Dell Technologies is a founding member of MLCommons™ and has been actively making submissions since the inception of the Inference and Training benchmarks. See our MLPerf™ Inference v2.1 with NVIDIA GPU-Based Benchmarks on Dell PowerEdge Servers white paper that introduces the MLCommons Inference benchmark.
Our performance results are outstanding, serving as a clear indicator of our resolve to deliver outstanding system performance. These improvements enable higher system performance when it is most needed, for example, for demanding generative AI (GenAI) workloads.
What is new with Inference 4.0?
Inference 4.0 and Dell’s submission include the following:
- Newly introduced Llama 2 question answering and text to image stable diffusion benchmarks, and submission across different Dell PowerEdge XE platforms.

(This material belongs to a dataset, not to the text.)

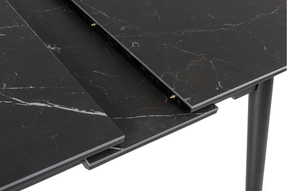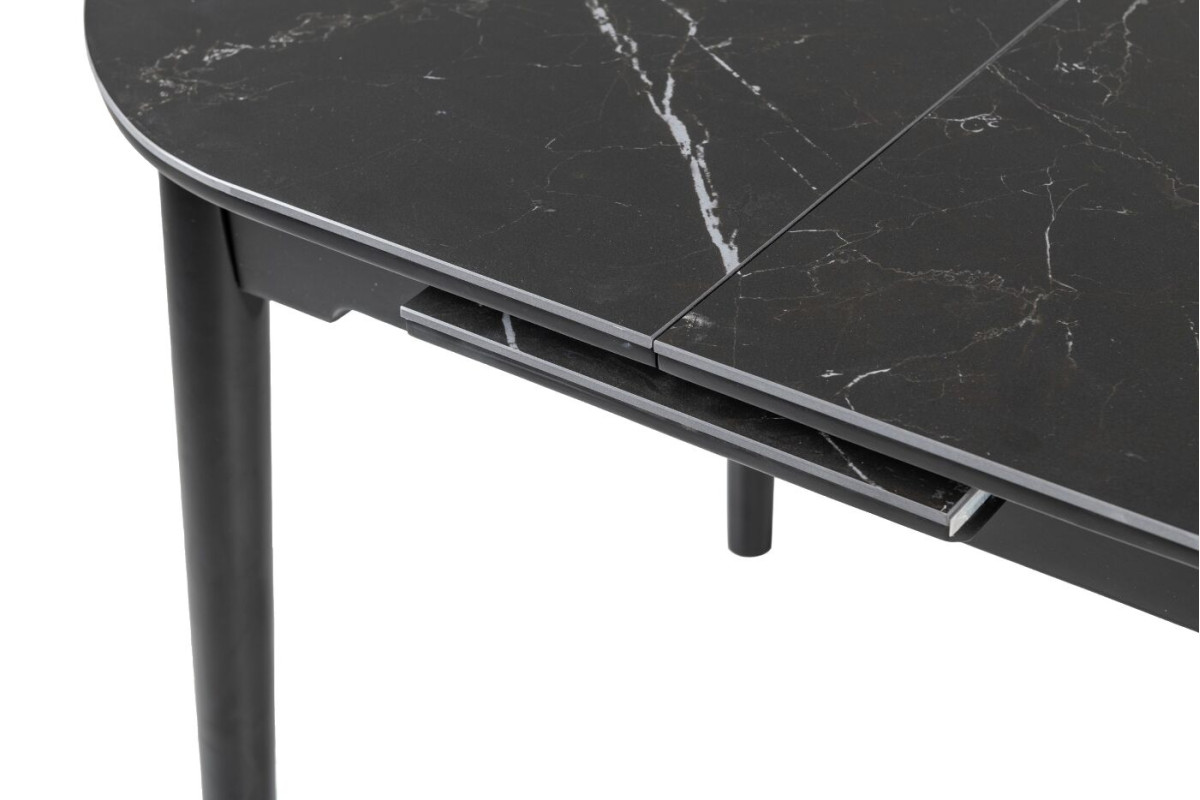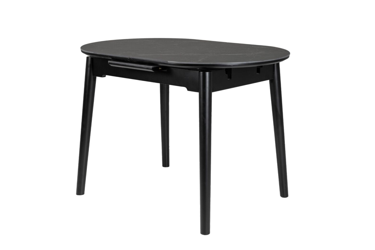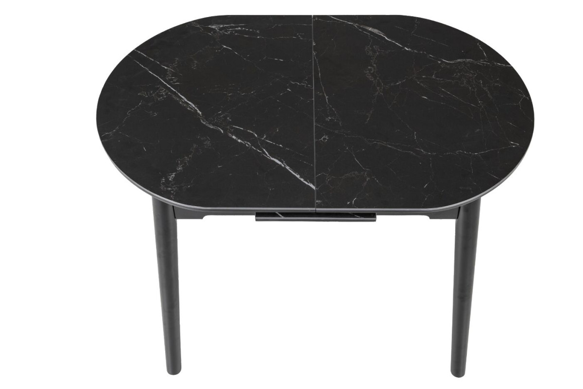 Обідній стіл у кольорі Чорний онікс привнесе стиль та вишуканість у ваш інтер'єр. Його овальна форма надає столу вишуканий вигляд, а чорний онікс додає елегантності та розкоші.Чорний онікс - це колір кераміки, який використовується в інтер'єрному дизайні та для створення різноманітних предметів інтер'єру, включаючи меблі, столешні, та інші декоративні елементи.

- Improved GPT-J (225 percent improvement) and DLRM-DCNv2 (100 percent improvement) performance. Improved throughput performance of the GPTJ and DLRM-DCNv2 workload means faster natural language processing tasks like summarization and faster relevant recommendations that allow a boost to revenue respectively.
- First-time submission of server results with the recently released PowerEdge R7615 and PowerEdge XR8620t servers with NVIDIA accelerators.
- Besides accelerator-based results, Intel-based CPU-only results.
- Results for PowerEdge servers with Qualcomm accelerators.
- Power results showing high performance/watt scores for the submissions.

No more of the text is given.